Joy doesn’t mean that everything is going to go right in our lives.  St. Thomas Aquinas describes joy as a passion which is caused by love of being in the presence of that which is loved, or by the goodness of the thing loved that lasts.  And, of course, spiritual joy, the fruit of the Holy Spirit, is caused by being in the presence of God and by the goodness of God that endures forever.  Therefore, especially when dealing with the goodness of God itself and how much he loves us, joy and sorrow cannot be mixed up.  We should, as St. Paul writes in his letter to the Philippians, “Rejoice in the Lord always.”

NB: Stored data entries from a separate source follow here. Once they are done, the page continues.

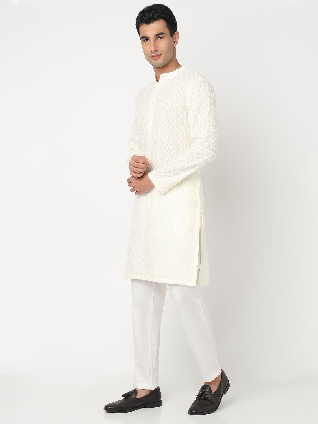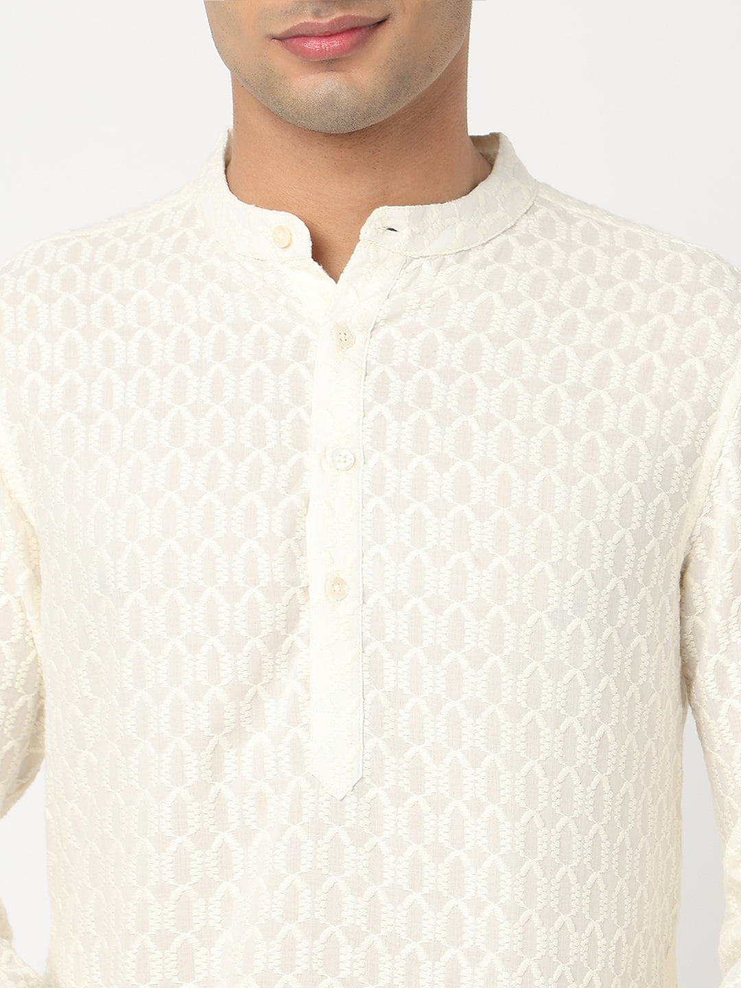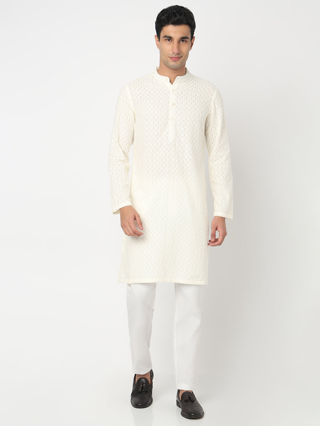 This lapet pattern kurta has a mandarin collar and full sleeve. Made from cotton, it is soft and comfortable to wear.
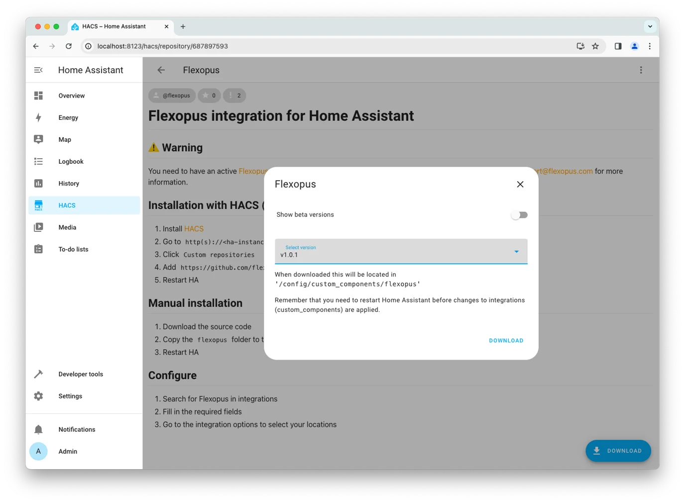 custom_components/flexopusfolder to thecustom_componentsfolder of your installation. The resulting structure should be:
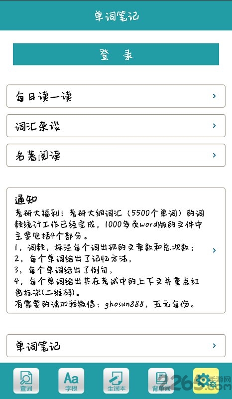 词根词缀字典手机版是一款专为四六级和考研的朋友打造的专业查漏补缺学习app,通过独特的记忆方式和举一反三的学习方式,让你可以更加方便的记忆单词,收录最常用的考试词汇重点记忆,感兴趣的朋友快来2265安卓网点击下载吧!
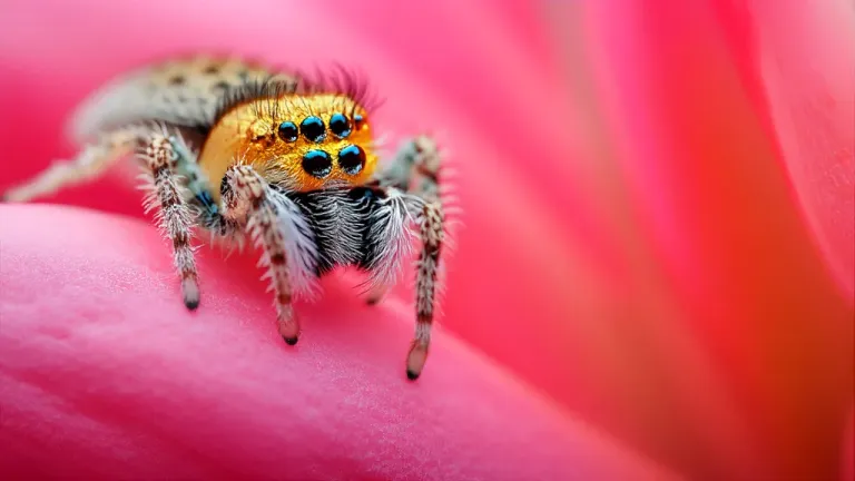 A golden and white jumping spider with glossy black eyes and fuzzy legs rests on soft, velvety pink petals, illuminated by diffused, soft lighting that highlights the spider's features and the delicate veins of the petals. The shallow depth of field blurs the vibrant pink and red background, creating a striking contrast and emphasizing the spider as the focal point.
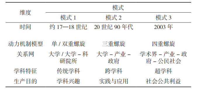 圖1知識(shí)生產(chǎn)模式1-3演變圖譜

But, St. Thomas also admits that we do not always participate in the goodness of God, or recognize God’s presence, and that can cause us sorrow, because we don’t see the love of God active in our neighbor, or even active in ourselves.  And we see that sadness in our Gospel today.  St. Peter forgets that Jesus has risen.  He has seen Jesus, but Jesus has gone elsewhere.  And because St. Peter forgets about the abiding presence of the risen Jesus, St. Peter abandons his responsibility of sustaining the disciples in the faith, and decides to go back to his old life of fishing.  
Now, when St. Peter recognizes Jesus on the shore, that joy returns, and so much so that he jumps out of the boat to swim to shore to see Jesus, rather than waiting for the boat to go ashore.  It is then that Jesus asks St. Peter about his love, the threefold profession of love making up for St. Peter’s threefold denial that he even knew Jesus.  And Jesus entrusts to St. Peter the role of feeding the lambs, tending the sheep, and feeding then sheep.  St. Peter is entrusted with taking care of the flock that belongs to the Good Shepherd.  And the joy of loving Christ is meant to keep St. Peter going.
A statue of Jesus at Peter at the
Sea of Galilee
St. Peter had that joy, maybe not always and not exactly as God wanted St. Peter to, but still, St. Peter had the joy of the Resurrection, and we heard about that in the first reading when St. Peter rejoiced “that they had been found worthy to suffer dishonor for the sake of the name” of Jesus.  Even though they were being persecuted, St. Peter (and the other apostles) had joy because they knew they were in the presence of God and that they were able to suffering for God in imitation of Jesus.
So how about us?  Do our faces show that we have the joy of the Resurrection?  As a priest in seminary once told us, this isn’t the smile of someone who just passed gas and then walked away.  This is the joy that gives us peace through all of life’s circumstances, good and bad.  If we recognize the presence of God in our life, then nothing can take that joy from us.  God’s love is always active in our life and sustains us every day.  Even when there is something sad or even horrendous going on in our life, if we know the love of God, then we can still have the joy that is the fruit of the Holy Spirit.  

The martyrs are the best example of this.  Throughout the centuries there are stories of martyrs who died very painful deaths, but had joy that they were laying down their life in imitation of Jesus.  From the Apostles, to the early Roman martyrs, to the Japanese martyrs in the sixteenth century, to the North American martyrs in the seventeenth century, to saints like Maximilian Kolbe in the twentieth century, they didn’t enjoy being put to death, but they did have joy to suffer for Christ.  And many of their writings testify to that.  So for us, who probably aren’t being covered with tar and lit on fire, having boiling water poured over us to mock baptism, having our fingernails pulled out and our fingers chopped off, being crucified, or being given poison, then hopefully we can recognize the abiding presence of God and live in that joy of Easter.  If you’re happy and you know it, tell your face!